The 19th season of the international television game show Jeux sans frontières was held in the summer of 1988. Broadcasters from Belgium, France, Italy, Portugal, and Spain participated in the competition coordinated by the European Broadcasting Union (EBU). The different heats were hosted by some of the participant broadcasters in locations in their countries such as Misano Adriatico (Italy), Viana do Castelo (Portugal), Les Saisies (France), and Pozuelo de Alarcón (Spain). The grand final was held in Bellagio (Italy).
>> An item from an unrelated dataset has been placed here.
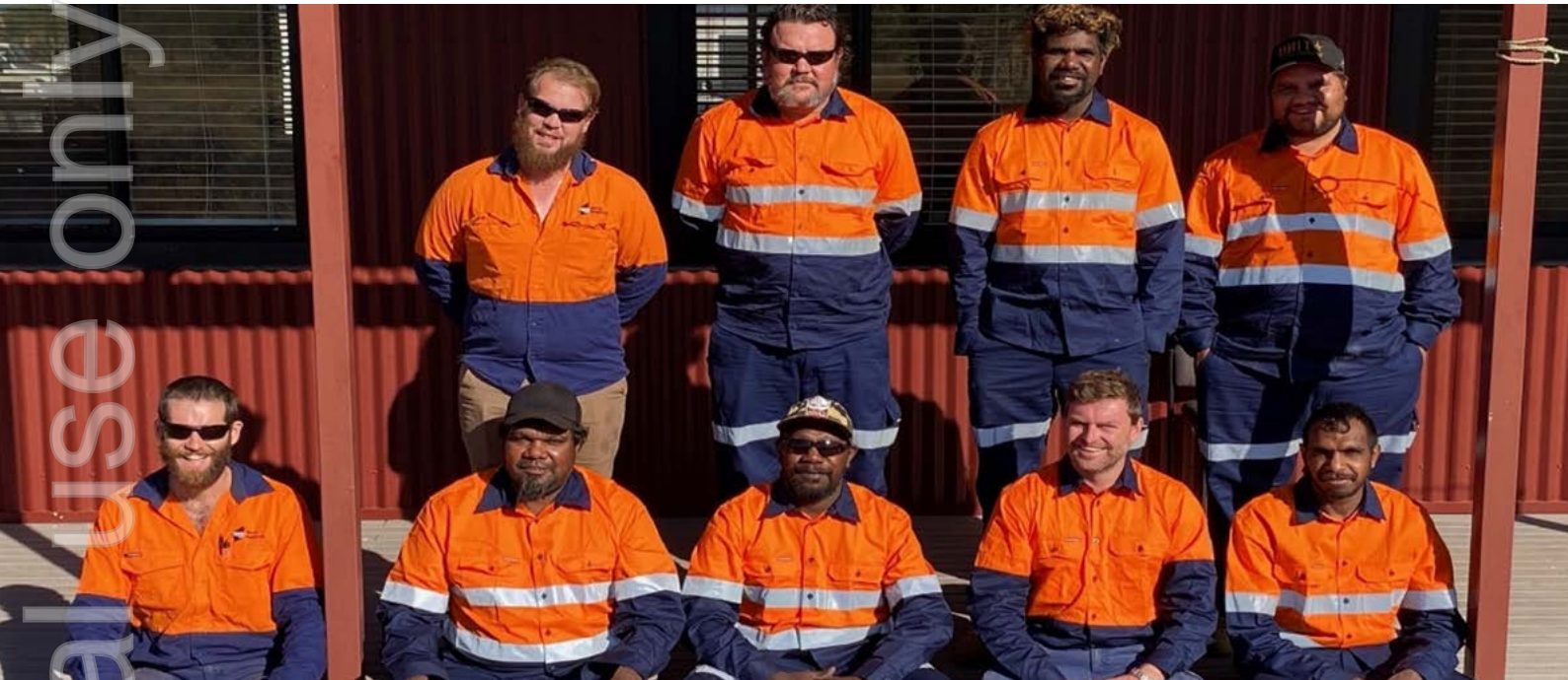
Figure 4: The trainers and graduates of the Training to Work Program

All six students successfully completed the program and celebrated their achievement with a graduation ceremony attended by their families and community. All students were offered employment with either Northern Minerals or our Contractors.

The head international referee in charge of supervising the competition was Guido Pancaldi.

For each heat, each broadcaster sent a mixed team of twelve members (six men and six women) from a city or town from its country that competed against each other in a series of games –funny physical games played in outlandish costumes, though none-the-less technically difficult– themed in the specific topic of the episode. After the eight heats, the most successful team from each country competed in the grand final. Each of the episodes was presented by the host broadcaster in its own language. Each of the participating broadcasters had their own presenters who did some on-site presentations for their audience and commented on the competition in their language. For this season, due to the complexity of the production, and the fact that each broadcaster had its own personalized coverage, the episodes were filmed first and each broadcaster broadcast them later at their convenience.
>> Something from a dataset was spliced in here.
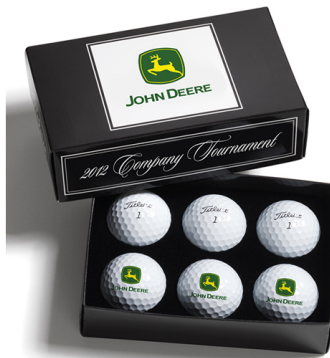
Shown with Foam

The season was won by the team from Madeira, Portugal, the runner-ups being the teams from Profondeville, Belgium, and Seville, Spain.

==Participants==

| Country | Broadcaster | Code | Colour | Cities |
| Belgium | RTBF | B | Yellow | Virton |
Pepinster
Ath
Profondeville
| France | Antenne 2 | F | Green | Espace Cristal |
Les Saisies
Beaufortain
Brides-les-Bains
| Italy | RAI | I | Light blue | Rimini & Co. |
Putignano
Aosta-Pilaz
Palinuro
| Portugal | RTP | P | Orange | Madeira |
Mateus (Vila Real) [pt]
Viana do Castelo
Azores
| Spain | TVE | E | Red | Asturias Gijón |
Murcia Cartagena
Galicia La Coruña
Andalusia Seville

==Heats==
===Heat 1===
Heat 1 was hosted by RAI at the Autodromo Santa Monica in Misano Adriatico, Italy, was themed about the town and the Adriatic Coast, and was presented by Claudio Lippi with Anna Benni, Lucia Nalli, Maura Musi, Sabrina Picci, and Elisabetta Coraini.
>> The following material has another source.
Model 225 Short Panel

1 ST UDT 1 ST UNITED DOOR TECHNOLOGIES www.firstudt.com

| Place | Country | Town | Points |
|---|---|---|---|
| 1 | P | Madeira | 50 |
| 2 | I | Rimini & Co. | 47 |
| 3 | B | Virton | 42 |
| 4 | E | Gijón | 33 |
| 5 | F | Espace Cristal | 32 |

===Heat 2===
Heat 2 was hosted by Antenne 2 in Les Saisies, France, was themed about television shows, and was presented by Marie-Ange Nardi and Fabrice.

| Place | Country | Town | Points |
|---|---|---|---|
| 1 | P | Mateus (Vila Real) [pt] | 47 |
| 2 | F | Les Saisies | 42 |
| 3 | E | Cartagena | 38 |
| 4 | B | Pepinster | 37 |
| 5 | I | Putignano | 36 |

===Heat 3===
Heat 3 was hosted by RTP at the Santa Luzia park in Viana do Castelo, Portugal, was themed about the history of the town, and was presented by Eládio Clímaco, Ivone Ferreira, and José Fialho Gouveia.

| Place | Country | Town | Points |
|---|---|---|---|
| 1 | I | Aosta-Pilaz | 49 |
| 2 | P | Viana do Castelo | 45 |
| 3 | F | Beaufortain | 44 |
| 4 | B | Ath | 41 |
| 5 | E | La Coruña | 34 |

===Heat 4===
Heat 4 was hosted by TVE at the grounds of Prado del Rey in Pozuelo de Alarcón, Spain, acting as if they were in Seville, was themed about the departure of the ships for the New World, and was presented by Guillermo Summers, Ignacio Salas, and Carmen Otero.

| Place | Country | Town | Points |
|---|---|---|---|
| 1 | B | Profondeville | 46 |
| 2 | P | Azores | 45 |
| 3 | E | Seville | 35 |
| 4 | I | Palinuro | 34 |
| 5 | F | Brides-les-Bains | 32 |

===Heat 5===
Heat 5 was hosted by RAI at the Autodromo Santa Monica in Misano Adriatico, Italy, was themed about Italian cinema, and was presented by Claudio Lippi with Anna Benni, Lucia Nalli, Maura Musi, Sabrina Picci, and Elisabetta Coraini.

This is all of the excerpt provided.